14 KiB
Clawdbot Memory System Migration Plan
Created: 2026-01-27 Status: Ready to Execute Risk Level: Low (old system preserved, incremental migration)
Current State Inventory
| Asset | Location | Size | Records |
|---|---|---|---|
| Main SQLite | ~/.clawdbot/memory/main.sqlite |
9.0 MB | 56 chunks |
| iMessage SQLite | ~/.clawdbot/memory/imessage.sqlite |
8.1 MB | ~42 chunks |
| Markdown files | ~/.clawdbot/workspace/memory/*.md |
17 files | ~60KB total |
| INDEX.json | ~/.clawdbot/workspace/memory/INDEX.json |
7.1 KB | 6 categories, 20 nodes |
| Session transcripts | ~/.clawdbot/agents/*/sessions/*.jsonl |
23 files | 5,593 lines |
| New memories table | ~/.clawdbot/memory/main.sqlite |
- | 36 records (migrated) |
Migration Phases
Phase 0: Backup Everything (REQUIRED FIRST)

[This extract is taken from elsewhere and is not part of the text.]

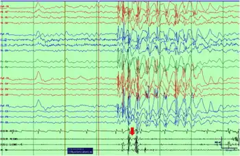 | Ictal EEG with polygraphy of a myoclonic–atonic seizure shows initial myoclonus associated with the burst of polyspikes and atonia on the EMG associated with slow wave component of the discharge | |
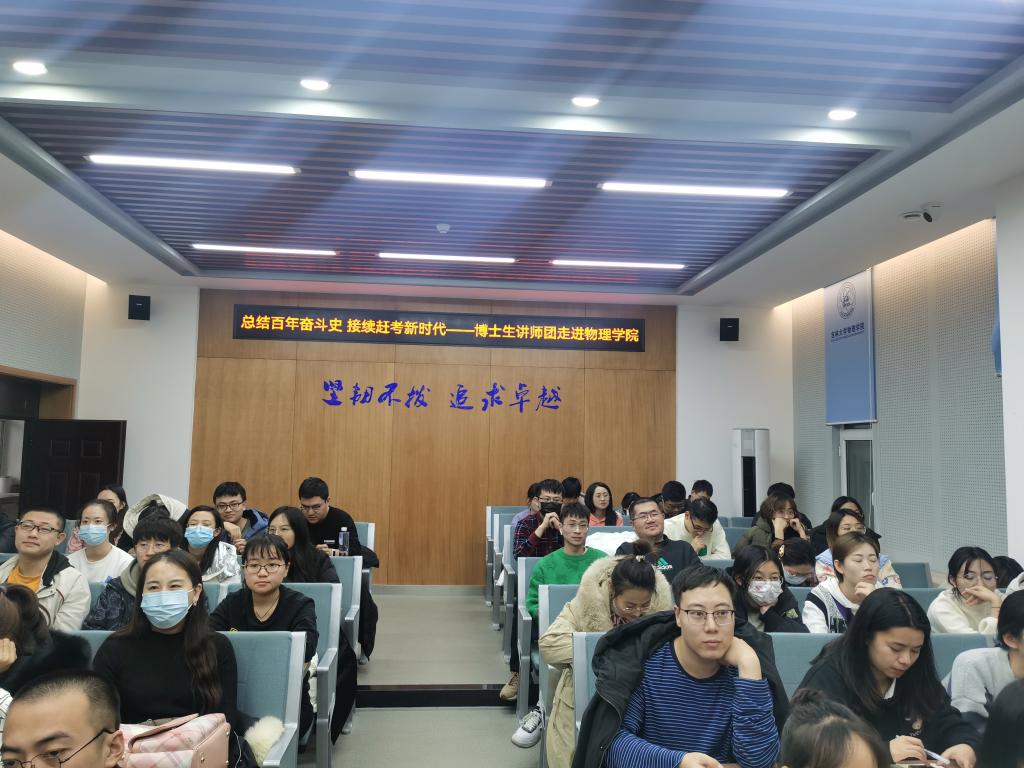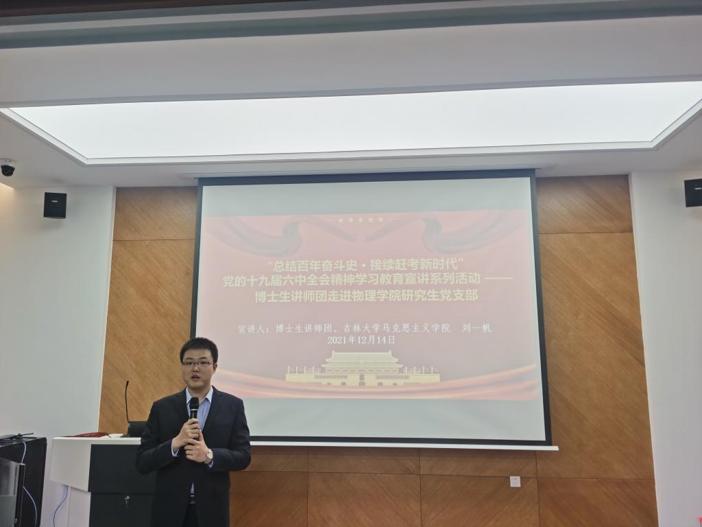 为深入学习贯彻党的十九届六中全会精神,提升广大研究生思想政治素质,积极响应公司党委研究生工作部工作要求,2021年12月14日,BG大游邀请BG大游官方网站博士生讲师团讲师刘一帆博士在物理楼333会议室进行了十九届六中全会精神学习教育宣讲。本次宣讲的主题为“总结百年奋斗史·接续赶考新时代”——坚持自我革命,以伟大自我革命引领社会革命,公司研究生党支部党员、预备党员、研究生干部、德育助管共计100余人参与了此次宣讲活动。BG大游曹鹏老师主持了本次宣讲。

Time: 5 minutes Risk: None
# Create timestamped backup directory
BACKUP_DIR=~/.clawdbot/backups/pre-migration-$(date +%Y%m%d-%H%M%S)
mkdir -p "$BACKUP_DIR"
# Backup SQLite databases
cp ~/.clawdbot/memory/main.sqlite "$BACKUP_DIR/"
cp ~/.clawdbot/memory/imessage.sqlite "$BACKUP_DIR/"
# Backup markdown memory files
cp -r ~/.clawdbot/workspace/memory "$BACKUP_DIR/memory-markdown"
# Backup session transcripts
cp -r ~/.clawdbot/agents "$BACKUP_DIR/agents"
# Backup config
cp ~/.clawdbot/clawdbot.json "$BACKUP_DIR/"
# Verify backup
echo "Backup created at: $BACKUP_DIR"
ls -la "$BACKUP_DIR"
Checkpoint: Verify backup directory has all files before proceeding.
Phase 1: Complete Markdown Migration
Time: 15 minutes Risk: Low (additive only)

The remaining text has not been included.